Segment Start: Records for the task

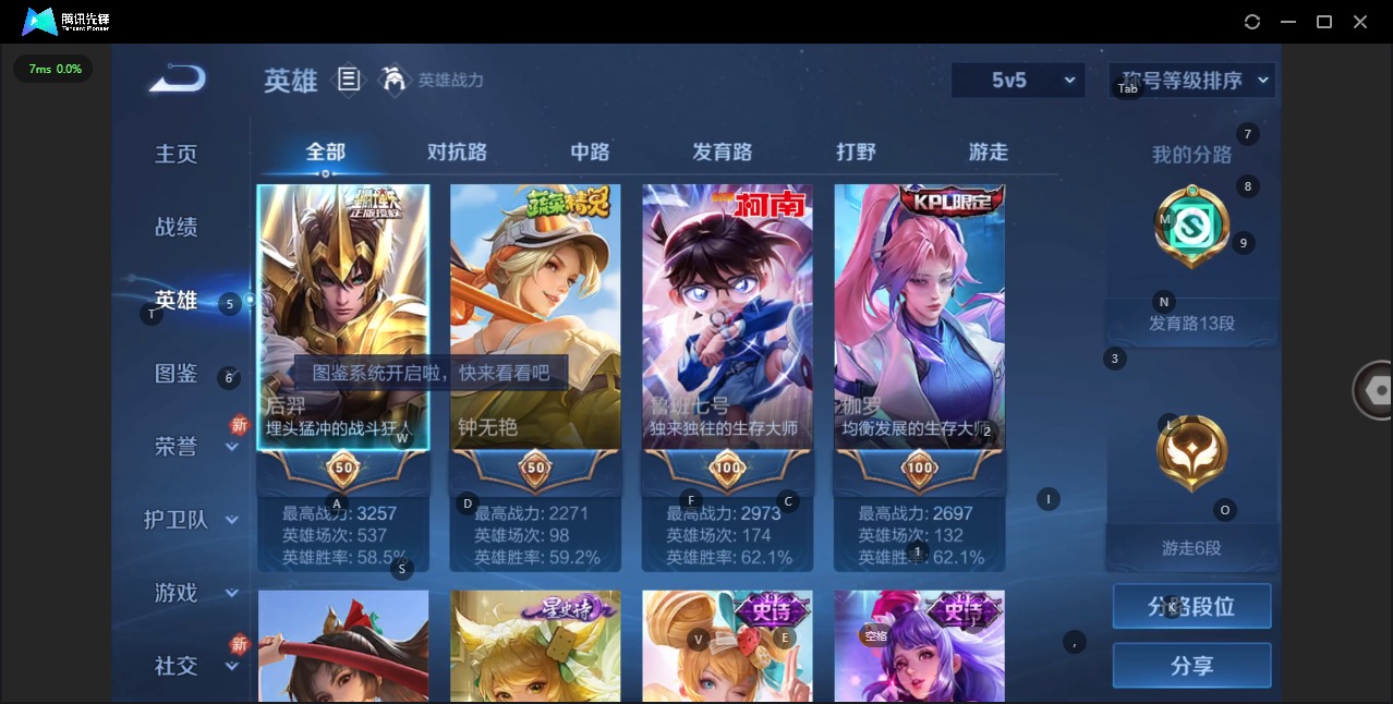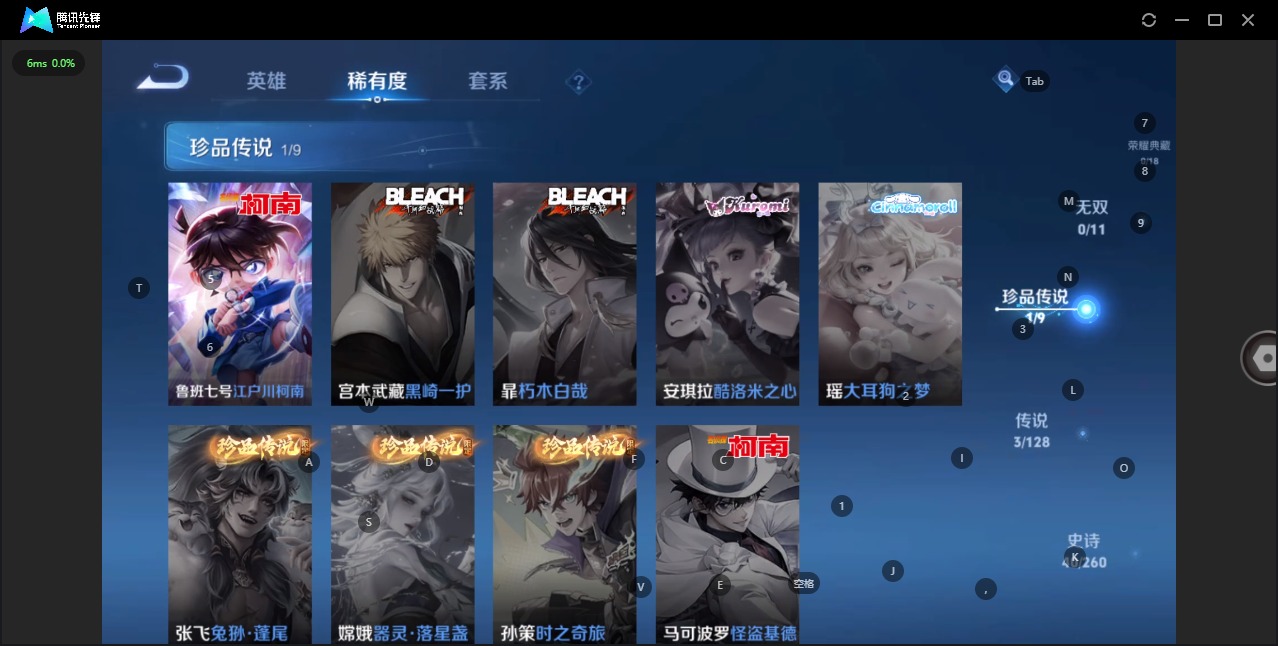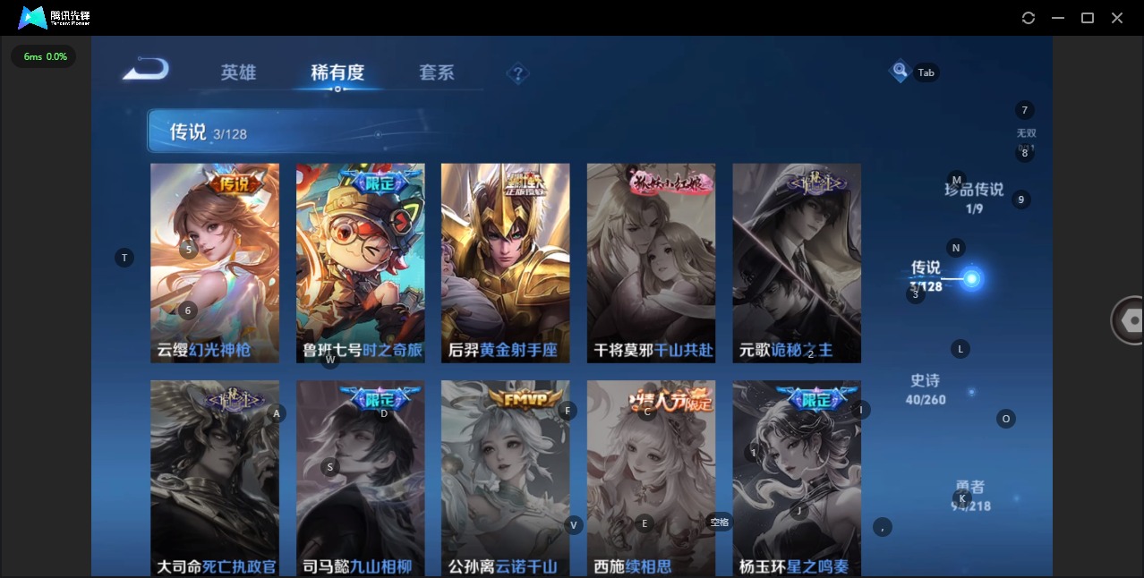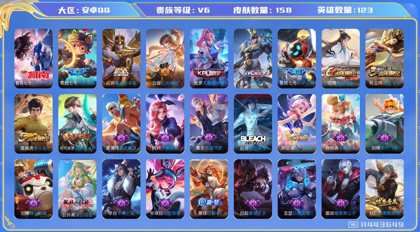 [11443649]V6 1珍品传说 3传说 123英雄 158皮肤 可修改实名 女号 优质装备:江户川柯南,黄金射手座,鲁班七号-时之奇旅,涂山容容 传说皮:幻光神枪 珍宝阁皮:妄想食味,玩趣恶龙 限定皮:逐霄战戟,遇见飞天,高山流水,天狼溯光者,李小龙,乒乒小将,山海·玄木吟(马可年限) 史诗皮:石田雨龙,百相守梦-黄忠,千年之狐,江河有灵,百解令(蒙犽),偶像歌手,节奏热浪,女仆咖啡,水果甜心,绅士熊喵,天才门将,星夜王子,心灵骇客,心灵战警,舞动绿茵,纤云弄巧,繁星吟游(呼啦呼啦),乘风破浪,逐浪之夏,金属风暴,鹰眼统帅,暗夜贵公子,未来纪元-赵云
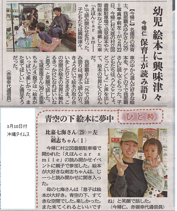 楽しかった本の読み語り 2026年4月16日 2月22日(日)に名護市の保育士、我那覇あゆかさんが 図書館駐車場で幼児絵本や大型絵本などを満載した 「えほんcar smile」で読み聞かせを行いました。
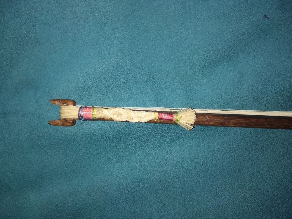 Τωρα για το δοξαρι χρησιμοποιησα μια καβιλια για να τυλιξω τις τριχες κ ολο μαζι αυτό το κολλησα μεσα σ'ενα δερμα που κολληθηκε με τη σειρά του στο ξυλο του δοξαριου. Αυτός ειναι ο τροπος που φτιαχνουν τα δοξαρια στη Κωνσταντινούπολη και ειναι διαφορετικος απο τα δοξαρια αλλων λυρων. Εκτος αν θελει καποιος να βαλει αντι καβιλια ενα ξυλα σε αλλο σχημα.
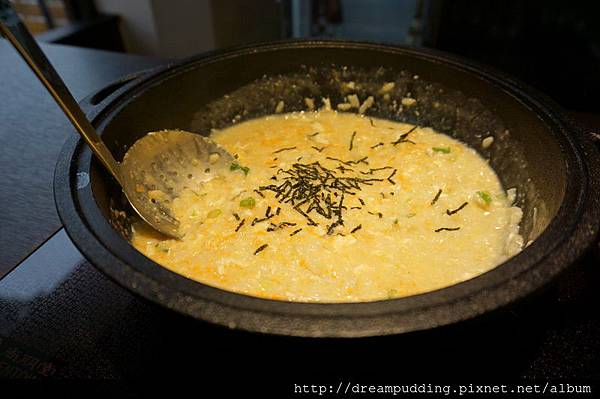 當鍋內食物都吃完了之後,就要用剩下的湯精華來煮粥啦!一起煮粥的有黃澄澄的蛋、蔥花、蝦卵跟海苔絲及干貝絲。
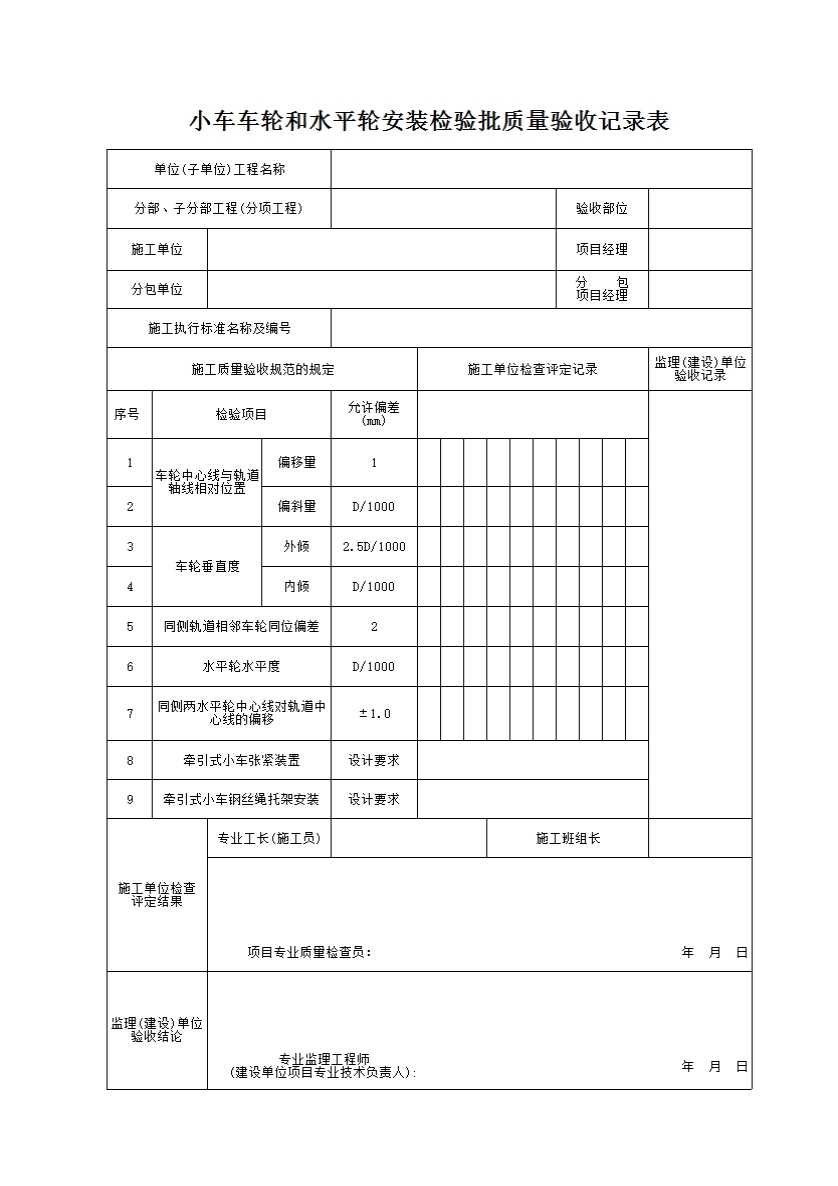 表格名称:小车车轮和水平轮安装检验批质量验收记录表
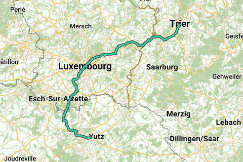 Rennfietsv variant van de Saint-James-wandelroute van Trier naar Thionville langs Luxemburg. Deze route is onderdeel van de Jakobsweg, die naar Santiago de Compostella leidt.
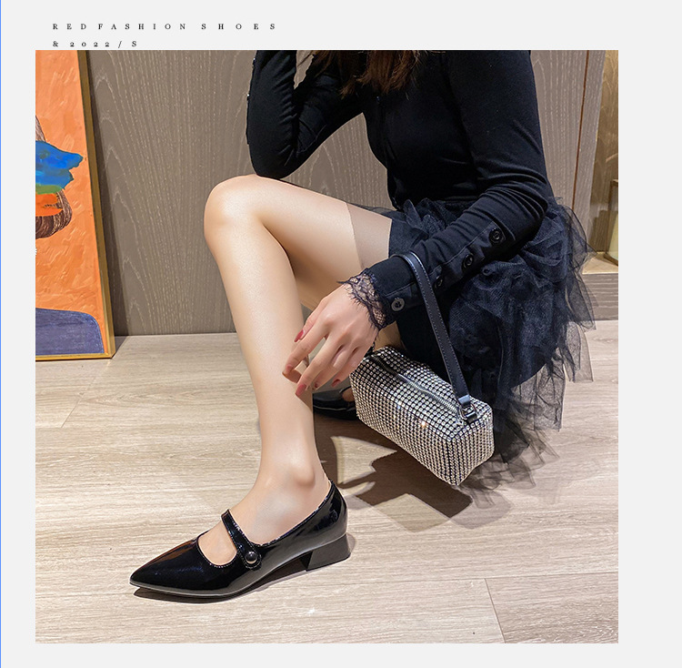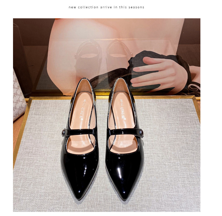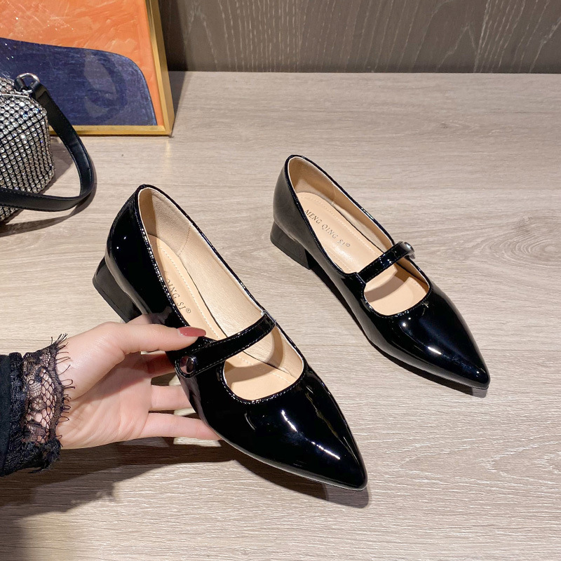 사교계 프랑스 복고풍 페이턴트 가죽 청키 힐 싱글 레이어 신발 2024 봄과 가을 새로운 요정 신발 우아한 메리 제인 신발스토어 가기
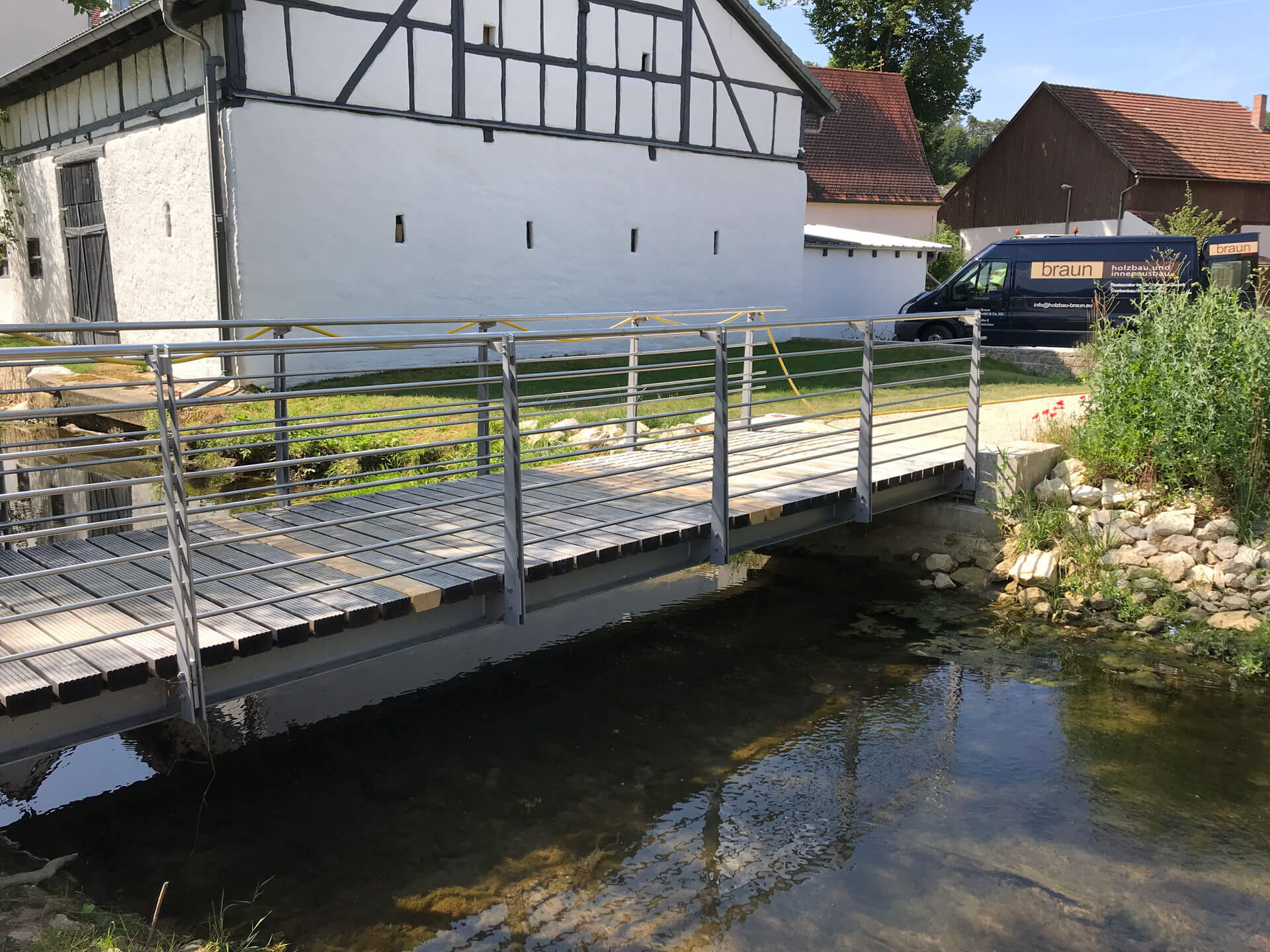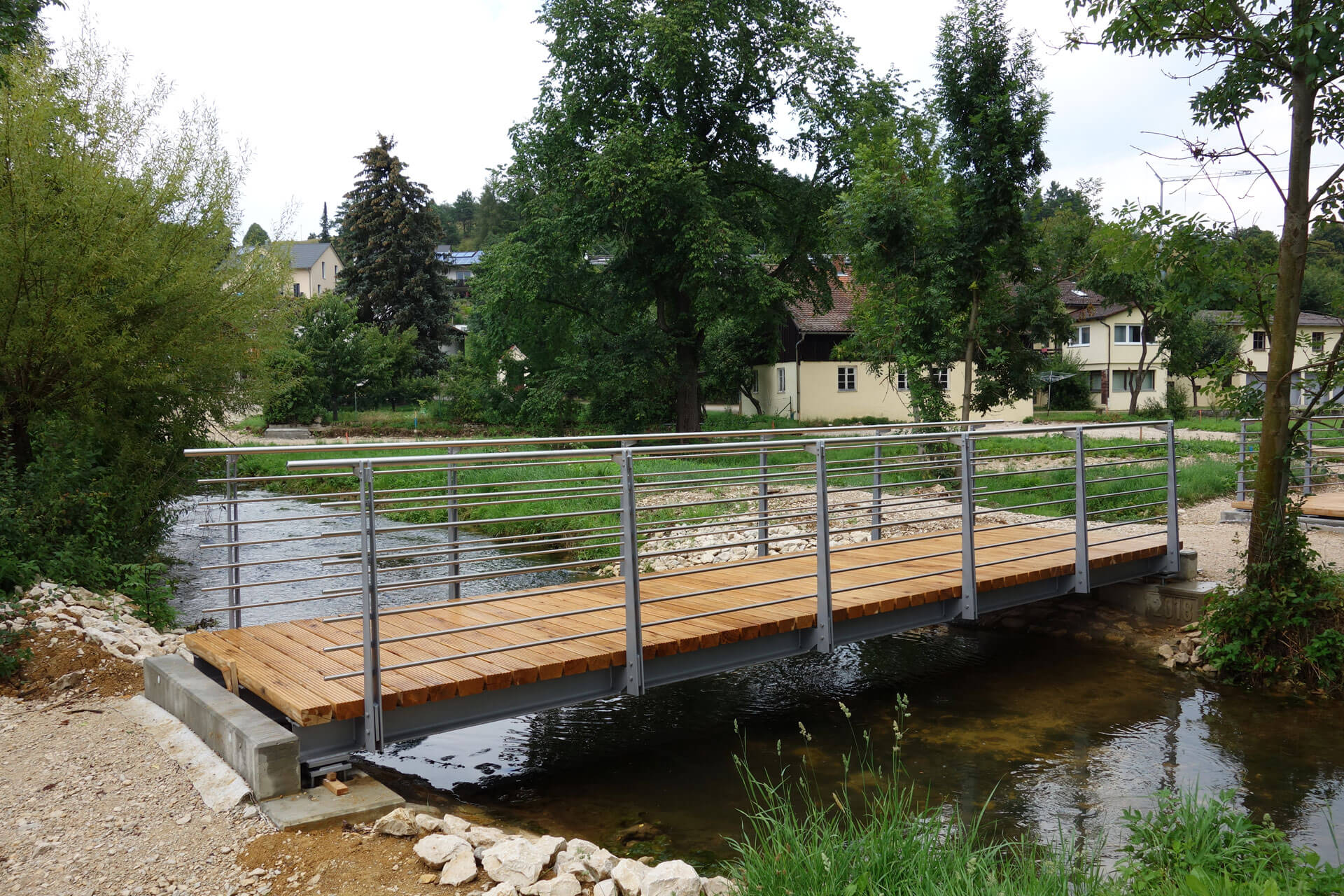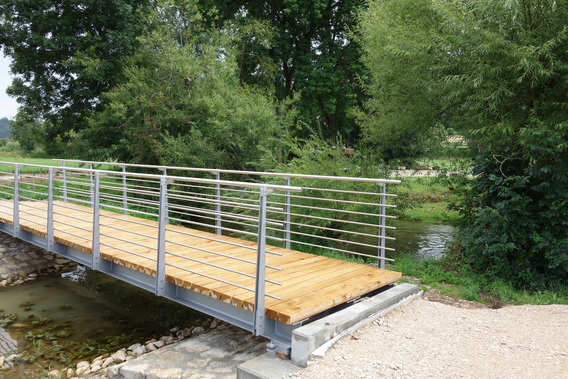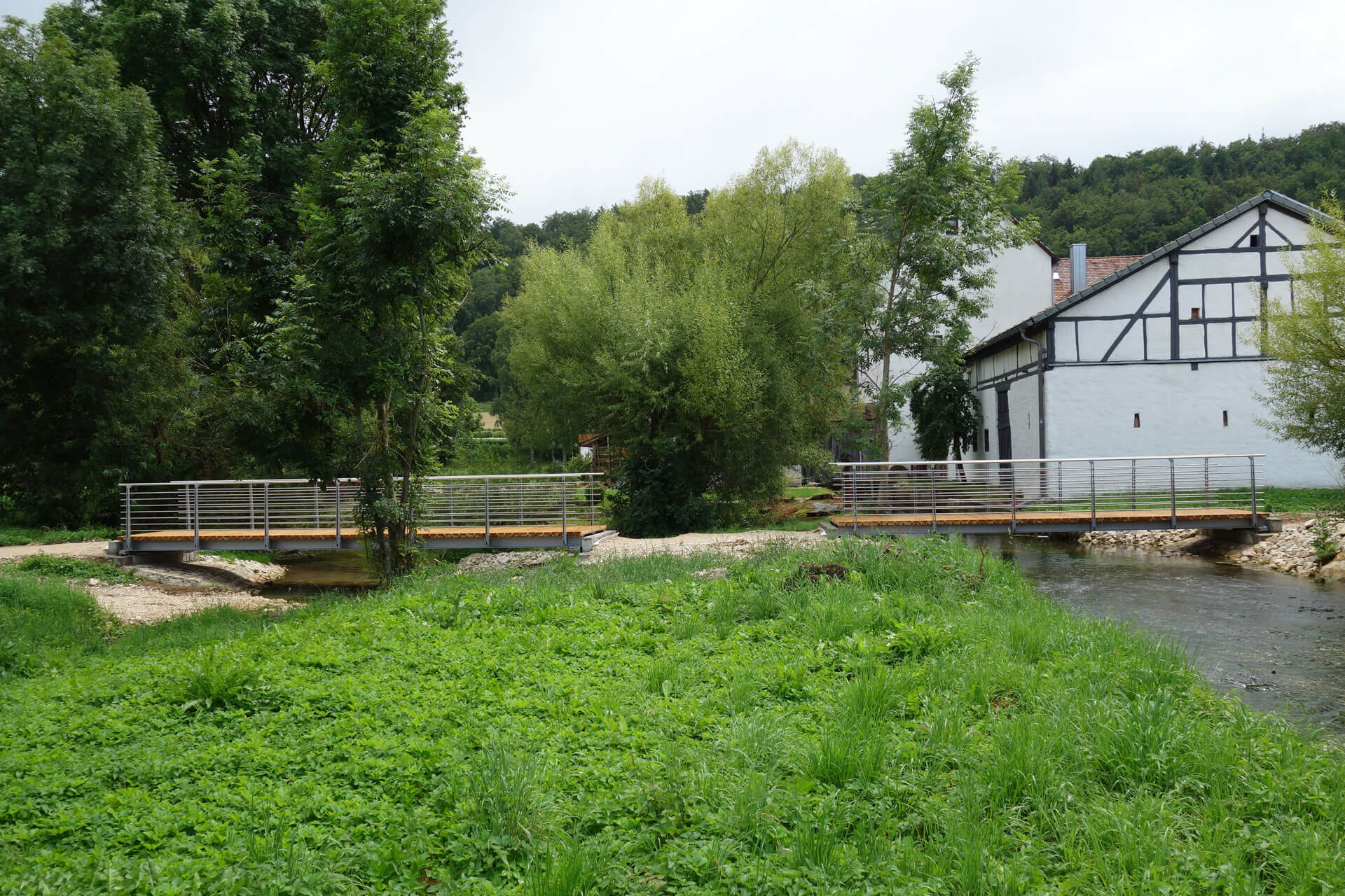 Um Einheimischen und Touristen einen guten Zugang zu ermöglichen, errichtete MTS zwei Fußgängerbrücken über den Altarm und den Werkkanal des Flüsschens Anlauter. Beide Bauwerke mit Spannweiten von acht und zehn Metern bestehen aus einem überhöhten Stahlprofiltragwerk mit Edelstahlgeländer. Beide Brücken wurden inklusive Massiveichendielen komplett von MTS gefertigt, vormontiert und in einem Hub auf der Baustelle eingehoben.

Segment End: Records for the task

▸ **Task brief**: Reproduce only the lines between the line with "Rennfietsv variant van" and the final line of the records, both included, so that the copy matches them exactly and contains no pictures.

▸ **Result of this exercise**:
 Rennfietsv variant van de Saint-James-wandelroute van Trier naar Thionville langs Luxemburg. Deze route is onderdeel van de Jakobsweg, die naar Santiago de Compostella leidt.
 사교계 프랑스 복고풍 페이턴트 가죽 청키 힐 싱글 레이어 신발 2024 봄과 가을 새로운 요정 신발 우아한 메리 제인 신발스토어 가기
 Um Einheimischen und Touristen einen guten Zugang zu ermöglichen, errichtete MTS zwei Fußgängerbrücken über den Altarm und den Werkkanal des Flüsschens Anlauter. Beide Bauwerke mit Spannweiten von acht und zehn Metern bestehen aus einem überhöhten Stahlprofiltragwerk mit Edelstahlgeländer. Beide Brücken wurden inklusive Massiveichendielen komplett von MTS gefertigt, vormontiert und in einem Hub auf der Baustelle eingehoben.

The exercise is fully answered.